Brief: In the records below, find the line with "KAWASIMA川岛KA-40.0C商用工业除湿机地下室车间抽湿机仓库除湿器", then copy each line exactly until you have copied the line with "с ребенком ролями.". Leave any picture out.

Entries shown:

----

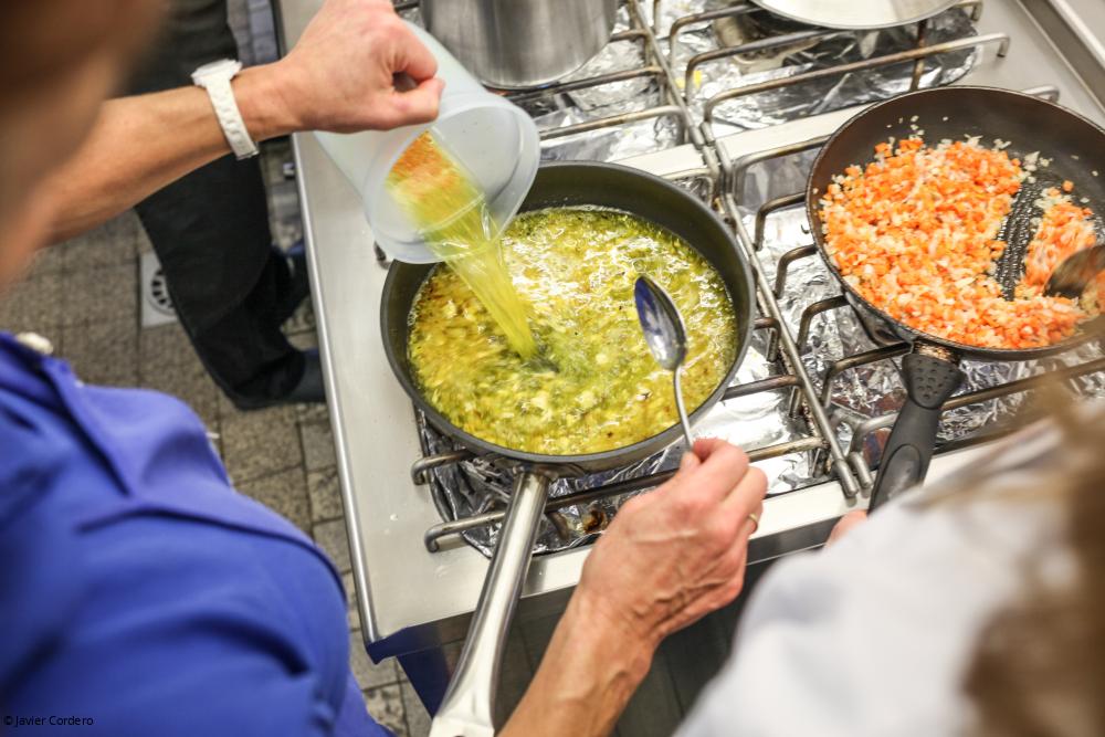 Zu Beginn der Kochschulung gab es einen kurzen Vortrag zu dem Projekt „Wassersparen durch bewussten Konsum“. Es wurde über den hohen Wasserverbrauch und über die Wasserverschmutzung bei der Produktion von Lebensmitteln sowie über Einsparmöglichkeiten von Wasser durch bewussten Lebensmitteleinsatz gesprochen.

----

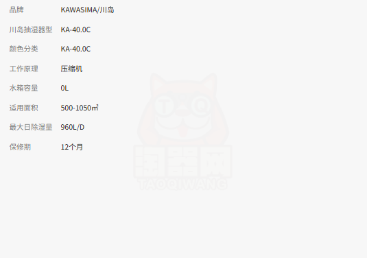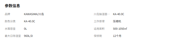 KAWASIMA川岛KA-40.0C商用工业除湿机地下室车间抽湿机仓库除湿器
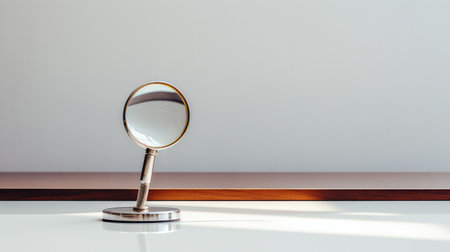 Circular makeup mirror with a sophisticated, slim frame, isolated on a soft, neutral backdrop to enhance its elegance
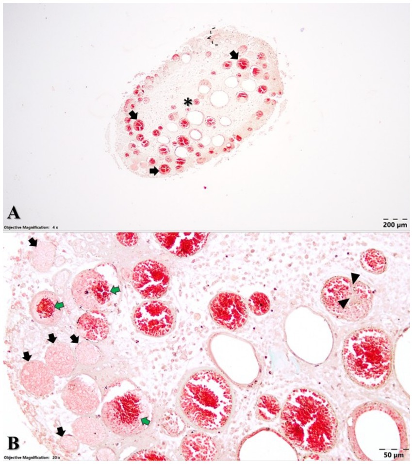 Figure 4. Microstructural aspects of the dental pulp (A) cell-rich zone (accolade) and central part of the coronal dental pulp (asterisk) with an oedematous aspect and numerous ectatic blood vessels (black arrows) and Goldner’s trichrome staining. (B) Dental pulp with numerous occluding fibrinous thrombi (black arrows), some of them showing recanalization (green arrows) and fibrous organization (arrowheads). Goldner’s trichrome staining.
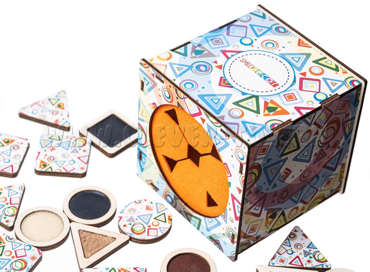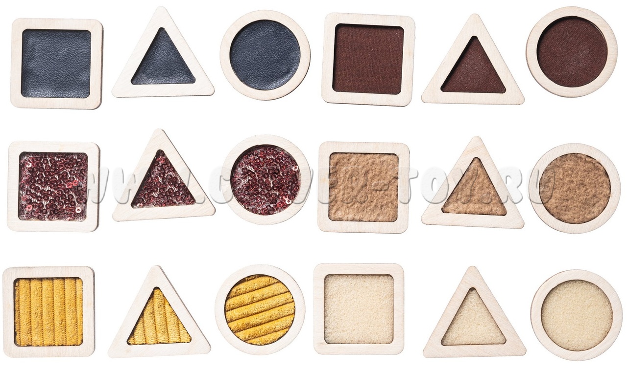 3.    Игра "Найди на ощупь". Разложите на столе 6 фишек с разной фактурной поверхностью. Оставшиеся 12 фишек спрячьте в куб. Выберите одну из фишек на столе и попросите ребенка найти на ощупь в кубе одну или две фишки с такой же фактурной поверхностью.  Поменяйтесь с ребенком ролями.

----

Response for this exercise:
 KAWASIMA川岛KA-40.0C商用工业除湿机地下室车间抽湿机仓库除湿器
 Circular makeup mirror with a sophisticated, slim frame, isolated on a soft, neutral backdrop to enhance its elegance
 Figure 4. Microstructural aspects of the dental pulp (A) cell-rich zone (accolade) and central part of the coronal dental pulp (asterisk) with an oedematous aspect and numerous ectatic blood vessels (black arrows) and Goldner’s trichrome staining. (B) Dental pulp with numerous occluding fibrinous thrombi (black arrows), some of them showing recanalization (green arrows) and fibrous organization (arrowheads). Goldner’s trichrome staining.
 3.    Игра "Найди на ощупь". Разложите на столе 6 фишек с разной фактурной поверхностью. Оставшиеся 12 фишек спрячьте в куб. Выберите одну из фишек на столе и попросите ребенка найти на ощупь в кубе одну или две фишки с такой же фактурной поверхностью.  Поменяйтесь с ребенком ролями.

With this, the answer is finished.